埼玉大学と独マックスプランク地球外物理学研究所らは,ドイツのeROSITA衛星を使った全天掃天観測などから,これまで静穏であった2つの銀河が準周期的爆発を起こしていることを発見した(ニュースリリース)。
eROSITA望遠鏡は,X線で全天を掃天観測しており,継続的に取得されたデータは,今回の爆発のような突発的な天体現象を探すのに適している。eROSITAによって発見された2つの天体は,欧州宇宙機関のX線観測衛星XMM-Newtonおよび,国際宇宙ステーションに搭載されたX線望遠鏡NICERによる追観測結果とあわせると,いずれもわずか数時間の間に振幅の大きいX線変動を示した。
一方,埼玉大学が参画する光・赤外線天文学大学間連携による観測などからは,通常の活動銀河核と異なり,これらの天体に降着現象を示すスペクトルや光度変化が見られなかった。つまり,先行研究で見つけられていた類似天体と異なり,eROSITAで見つかった今回の天体の母銀河は,ブラックホールの活動性をこれまで示していなかった。

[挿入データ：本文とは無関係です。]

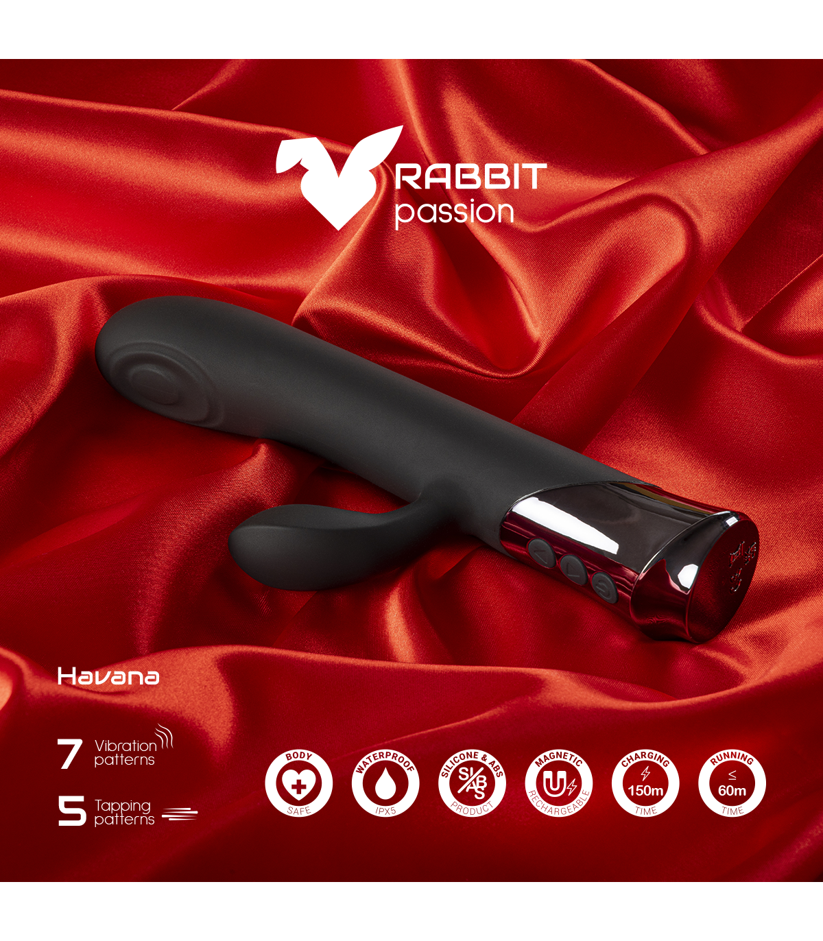VIBRATEUR RECHARGEABLE EN SILICONE HAVANA AVEC LAPIN TAPING ET TIGE TAPING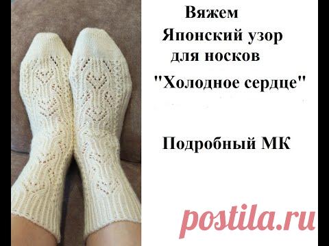 Вяжем японский узор для носков "Холодное сердце". Попетельный МК.

今回発見されたような準周期的な放射は,典型的には,連星系に由来して見られるという。もしブラックホールの周りを公転する天体の存在がこのようなX線強度の爆発的上昇の引き金になっているとすれば,その質量はブラックホールの質量よりもはるかに小さく,恒星や白色矮星程度でなければならない。そして,その公転する天体はブラックホールに近づく時に受ける大きな潮汐力で一部が破壊されているかもしれない。

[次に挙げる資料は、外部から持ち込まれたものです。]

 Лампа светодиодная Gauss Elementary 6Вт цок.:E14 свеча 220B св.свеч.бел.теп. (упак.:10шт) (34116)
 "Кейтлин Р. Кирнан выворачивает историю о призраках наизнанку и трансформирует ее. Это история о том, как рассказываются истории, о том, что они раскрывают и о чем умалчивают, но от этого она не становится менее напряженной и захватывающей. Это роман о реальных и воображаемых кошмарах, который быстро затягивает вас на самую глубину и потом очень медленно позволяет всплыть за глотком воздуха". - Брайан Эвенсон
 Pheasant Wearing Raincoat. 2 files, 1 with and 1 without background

このX線の爆発的な上昇の原因はまだわかっていないが,最近までこのブラックホールの近傍は静穏であったので,これらの現象を引き起こすために,活動銀河に存在するような降着円盤がかつては存在していなくても説明できるでるという。
これらの銀河は比較的小さく,地球からあまり遠くないため,今回の発見は低質量銀河の中でブラックホールがどのように活発になるかを解明する手がかりになると期待されるとしている。